Does the damp cause arthritis? Can air pressure shifts bring a headache? Will the temperature influence a baby's sex? David Robson finds some surprising evidence for the folklore.
In 2013, neuroscientists reported one of the strangest case reports in the history of medicine: a man who claimed to be able to smell the weather. An approaching storm, he said, produced an almost unbearable odour of skunk excrement, mixed with onions. The scientists were at a loss to explain what could be causing these strange symptoms.
Most of us are thankfully lacking this rather unwelcome talent, but even subtle shifts in the atmosphere seem to correlate with changes in our bodies. While scientists have yet to confirm many of these proposed links, the evidence so far is intriguing. If true, it would mean everything from your risk of a heart attack to the sex of your unborn child may, to a greater or lesser extent, depend on the forecaster’s predictions.
Read on to discover the myths and the genuine mysteries.
1) Rain gives you rheumatism… maybe
Despite anecdotal reports that wet and windy conditions inflame the joints, the evidence is about as clear as a British summer. A review in 2011, looking at nine studies to date, concluded that there was no consistent effect of the weather on the symptoms of rheumatoid arthritis. In fact, the apparent link may just be a case of “confirmation bias”. If you already believe that rain brings pain, you are more likely to notice the rainy days where you feel discomfort, and ignore those when you feel fine.
Even so, it’s by no means a closed case and other studies disagree. Perhaps the confusion arises from the fact that it’s very difficult to take into account other factors – such as the clothes the patients were wearing, and whether the patients stayed in or out of doors.
2) Falling air pressure is a pain in the head
Feeling weighed down? That’s because there’s about a tonne of air pressing down on our heads at any one time. It sounds like a recipe for a headache – and for some people, it just might be. Kazuhito Kimoto at the Dokkyo Medical University in Japan and colleagues asked 28 migraine patients to keep a diary of their headaches for a whole year. Comparing their reports with data from a nearby weather station, he found that their pain often coincided with falling air pressure.
Although Kimoto’s team only studied a small group of participants, a second paper seemed to confirm the effect, finding that the sales of painkillers rise as the barometer drops. One reason could be that the falling air pressure disrupts the vestibular system – the cavity in our heads that helps us to keep balance – bringing about the dizzy spells, and eventually, migraine.

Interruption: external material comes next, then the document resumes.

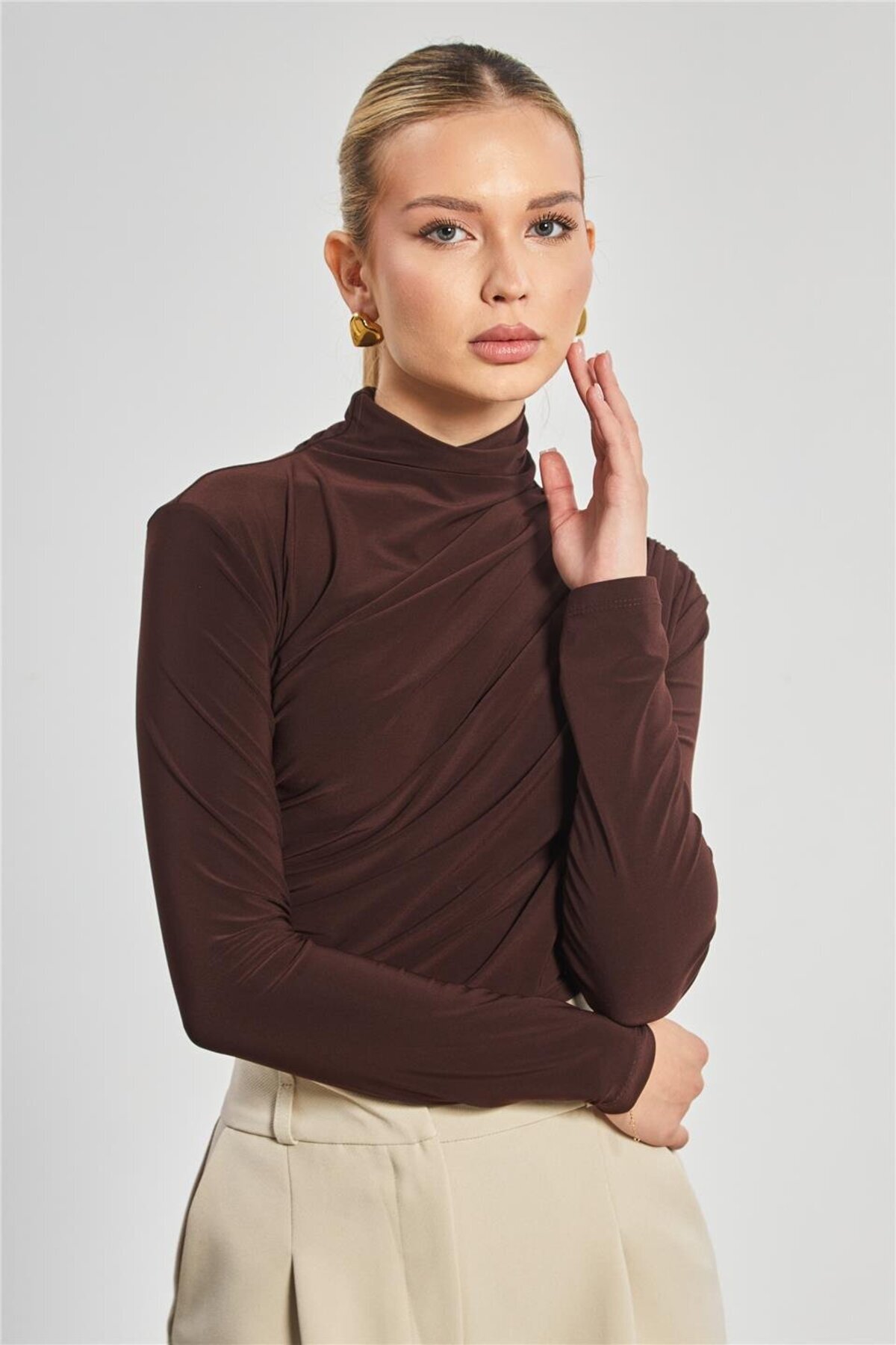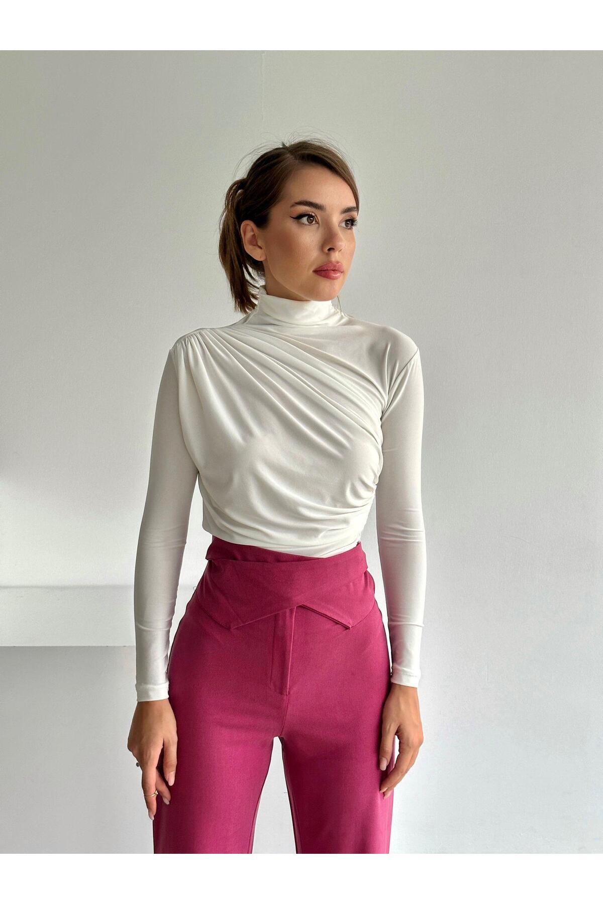 Kadın Bluz - Drape Detaylı Dökümlü Balıkçı Yaka Şık Bluz Kadın Bluz - Drape Detaylı Dökümlü Balıkçı Yaka Şık Bluz UBM-B-001192 L

3) The biting cold can freeze your heart
Besides being the season of colds and flu, the winter also brings a regular rise in heart attacks. According to one Chinese study, deaths from heart disease rise up to 40%, compared to spring and summer. Despite decades of research, no one knows exactly why, though the Chinese study found that the colder temperatures seem to increase blood pressure – which is known to increase the risk of a heart attack.
4) More Sun, more sons…
You might think that our population is divided exactly 50:50 between men and women, but this too swings depending on the weather. In the Northern Hemisphere, for instance, more sons are likely to be conceived during warmer years than those with particularly cold spells. (Puzzlingly, women in London also gave birth to more daughters and fewer sons nine months after a bad outbreak of smog in December 1952.)
Exactly why that happens is a complete enigma. It could be that the temperature alters hormonal balances, or the production of sperm. Some have argued that it’s an evolved mechanism, to boost a mother’s chances of passing on her genes: sons are less likely than a daughter to reproduce, if they are in poor condition, so our bodies decide the sex based on our current environment. In any case, the effect is tiny, and seems to vary from region to region. Although these trends are biologically interesting, they certainly shouldn’t guide your family planning.
5) Death by cosmic ray
The Sun is constantly showering the earth with geomagnetic storms and cosmic rays. The Earth’s atmosphere should protect us from the worst of this space weather – but we may not be completely safe. A team from Lithuania recently examined the records of more than one million deaths over a 25-year period – and they found that mortality from heart disease and stroke seemed to peak during periods of extreme space weather events.
Even more strangely, another study found that those born during periods of heightened activity have a shorter average life span, by about five years – compared to those born in calmer periods; it also seemed to reduce their fertility.
Clearly, more investigations will be needed to confirm the results and try to find an explanation. It is hard enough to swallow the fact that our health depends on something as unpredictable as the weather here on Earth – let alone a random storm of charged particles 92 million miles away. It seems that our fates really might be decided in the heavens after all.